Member of the U.S. House of Representatives from Tennessee's 2nd district
- In office March 4, 1905 – March 3, 1909
- Preceded by: Henry R. Gibson
- Succeeded by: Richard W. Austin

Member of the Tennessee Senate
- In office 1893-1895

Member of the Tennessee House of Representatives
- In office 1891-1893

Personal details
- Born: Nathan Wesley Hale February 11, 1860 Scott County, Virginia, US
- Died: September 16, 1941 (aged 81) Alhambra, California, US
- Resting place: Rose Hills Memorial Park in Whittier, California
- Party: Republican
- Spouse: Laura Adelaide (Sebastian) Hale
- Children: 5
- Profession: Nurseryman, entrepreneur

= Nathan W. Hale =

American politician

Nathan Wesley Hale (February 11, 1860 – September 16, 1941) was an American lawyer, businessman, and politician who served two terms as a member of the United States House of Representatives for the 2nd congressional district of Tennessee from 1905 to 1909.

==Biography==
Born on February 11, 1860, near Gate City, Virginia, in Scott County, Hale was the son of Drayton Smithton and Ruth C. Frazier Hale. He attended the common schools of Nicholasville, Virginia and Kingsley Academy near Kingsport, Tennessee.

==Career==
Hale taught school at Hale's Mill, Virginia in 1876. He moved to Knoxville, Tennessee, in 1878 and engaged in the nursery business as well as the wholesale dry goods business, banking, and farming. He married Laura Adelaide Sebastian in 1890, and they had five children.

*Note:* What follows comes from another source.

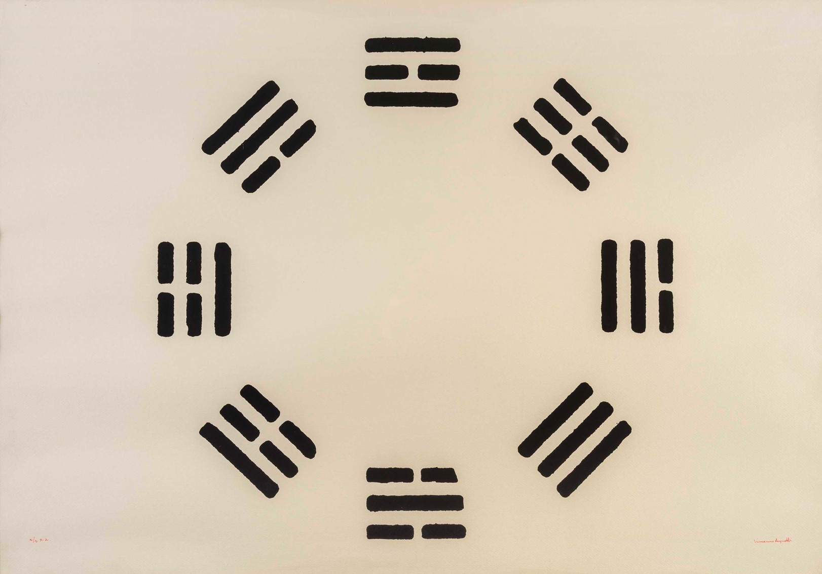 VINCENZO AGNETTI(1926 - 1981)I Ching (Mutamenti)1978Serigrafia su cartoncino, es. n/s p.a.70 x 100 cmFirmata in basso a destra e numerata in basso a sinistraL'opera Ë stata realizzata in occasione della mostra alla Galleria d'Arte Moderna, Castello di PortofinoPROVENIENZA:Collezione privata, Milano

=== Early political career ===
He served as a member of the Tennessee House of Representatives from 1891 to 1893. He was a member of the Tennessee Senate from 1893 to 1895. He was an unsuccessful candidate for the Republican nomination in 1902 as a Representative to the Fifty-eighth Congress.

=== Congress ===
Elected as a Republican to the Fifty-ninth and Sixtieth Congresses, Hale served from March 4, 1905, to March 3, 1909. He was an unsuccessful candidate for re-election in 1908 to the Sixty-first Congress.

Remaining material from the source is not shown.